Property prices forecast to rise 10% in 2022


Khoo Gek San

Mah Sing CEO Benjamin Ong says the price of steel, aluminium and copper wire has gone up drastically, putting contractors under pressure to complete new properties. – The Malaysian Insight file pic, December 16, 2021.

REAL estate prices nationwide are expected to go up by 5% to 10% next year as costs of construction materials remain high, property developers said.

Some construction companies are also facing legal issues over delays to project completion caused by higher costs, they added.

Mah Sing CEO Benjamin Ong said developers and contractors will eventually have no choice but pass on costs to buyers.

However, this is not just a Malaysian problem with real estate all over the world expected to cost more, he said.

“I estimate that for new projects that will start next year, prices will increase by 5% to 10%,” Ong told The Malaysian Insight.

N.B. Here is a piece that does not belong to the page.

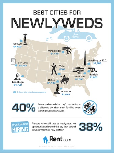 Weddings DC Ranked as One of the Top Cities for Newlyweds Rich cultural life and high annual incomes were cited as the main positive factors, according to a Rent.com survey. Bride & Groom, Wedding News | May 20, 2013
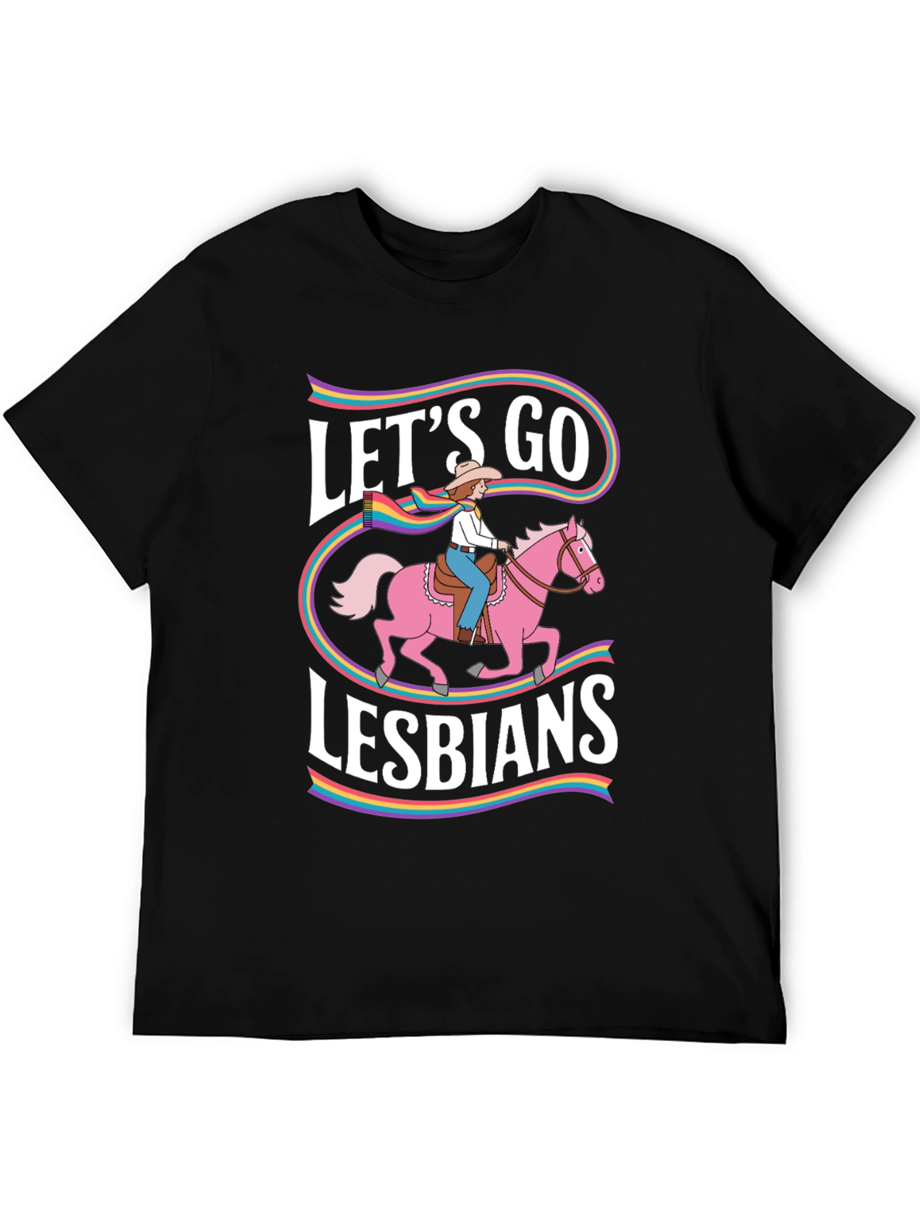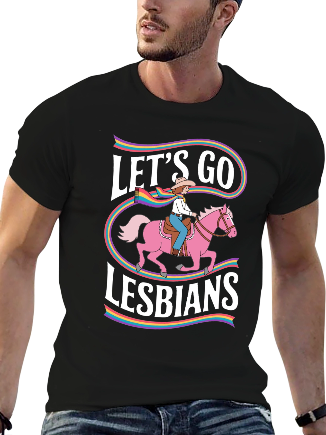 Show your pride with this fun and expressive t-shirt! The design features bold, eye-catching lettering of "LET'S GO LESBIANS" surrounded by a vibrant rainbow graphic. A cartoon image of a cowboy riding a pink horse adds a playful touch. Made from a soft, breathable fabric, this tee offers comfort and style. Perfect for Pride events, casual outings, or making a statement. A great way to express yourself and celebrate love!

The price of steel, aluminium and copper wire has gone up drastically, putting contractors under pressure, he said.

Ong said Mah Sing uses third party developers for their projects, so the costs of building materials is borne by them.

Tony Khoo Boon, national council member of the Real Estate and Housing Developers’ Association (Rehda) said contractors are having to pay 10% to 15% more for construction materials.

He also expects that property prices for newly launched projects to cost an additional 10% next year.

Khoo, who is also the director of property developer Tumbuh Merata Sdn Bhd said, steel bars have gone up in price by more than 70% to 80%, cement by 30%, PVC by 50%, and aluminium by 30% to 40%.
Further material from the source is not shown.